SPECTRA generates reproducible synthetic IR corpora up to 60,000 documents with controllable distractors and deterministic relevance labels.

A machine-rendered reading of the paper's core claim, the machinery that carries it, and where it could break.

The paper presents a framework for building large synthetic text collections and retrieval test sets by separating latent topical structure from surface text generation and from fixed relevance rules. This separation lets researchers control vocabulary growth, add graded distractors, and produce relevance judgments for dozens of queries without human assessors. A working prototype reached 60,000 documents while keeping generation nearly linear and vocabulary statistics close to natural long-tail patterns. Experiments then showed that adding cross-topic distractor text steadily lowered BM25 effectiveness on the same queries. The framework is offered as a cheap diagnostic step that can reveal scaling problems before real, expensive test collections are built.

Core claim

SPECTRA separates latent topical structure, surface text realization, metadata controls, query intent generation, and deterministic relevance oracles to create synthetic corpora and graded relevance labels. The single-process prototype produced collections of up to 60,000 documents and 9.61 million tokens while preserving controllable long-tail vocabulary growth. Generation ran at roughly 12,000 to 14,000 documents per second, estimated Zipf slopes remained near 0.86, and BM25 nDCG@10 fell from 1.00 at 2 percent distractors to 0.43 at 36 percent distractors.

What carries the argument

Separation of latent topical structure, surface text realization, and deterministic relevance oracles.

If this is right

Controlled increases in cross-topic distractor text can systematically lower BM25 nDCG@10 from 1.00 to 0.43.
Generation speed stays close to linear up to at least 60,000 documents.
Vocabulary growth and Zipf slopes near 0.86 can be maintained while relevance labels remain deterministic.
Such collections can expose retrieval scaling and failure modes before human-judged collections are constructed.

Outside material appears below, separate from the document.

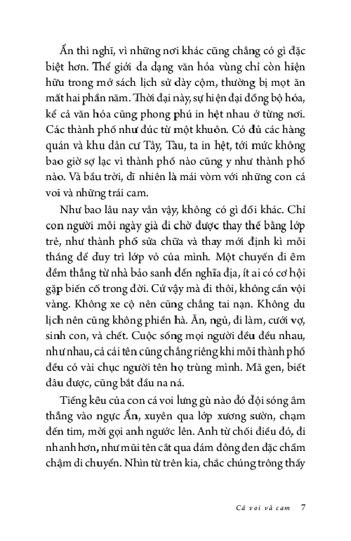 Ẩn không dám nhìn lên, anh chỉ muốn tránh bầu trời đẹp đẽ ấy, muốn nhanh nấp vào công ty để nhìn những trần nhà xám lạnh tẻ nhạt. Sự tẻ nhạt an toàn cố hữu, như triệu năm rồi vẫn vậy, có thể tìm thấy ở bất kì đâu trong kí ức: buồn chán và cứng ngắc. Còn hơn phải nhìn thấy bầy cá voi bơi giữa những trái cam, tất cả đều khổng lồ, tươi sáng và hiền hòa tới mức giả tạo.”

Where Pith is reading between the lines

These are editorial extensions of the paper, not claims the author makes directly.

The same separation approach could be reused to create test sets for neural rankers or for query-routing experiments.
Reproducible collections with known distractor levels might let different groups compare failure modes on identical data.
If the relevance oracles capture the main failure modes of current systems, the collections could serve as an early filter before any human annotation begins.

Load-bearing premise

The synthetic generation process produces statistical properties and relevance relationships sufficiently representative of real-world corpora.

What would settle it

A side-by-side run in which the same retrieval systems show markedly different relative rankings on SPECTRA collections versus matched real-world collections with the same query set.

Figures

Figures reproduced from arXiv: 2605.31575 by Eric Liang.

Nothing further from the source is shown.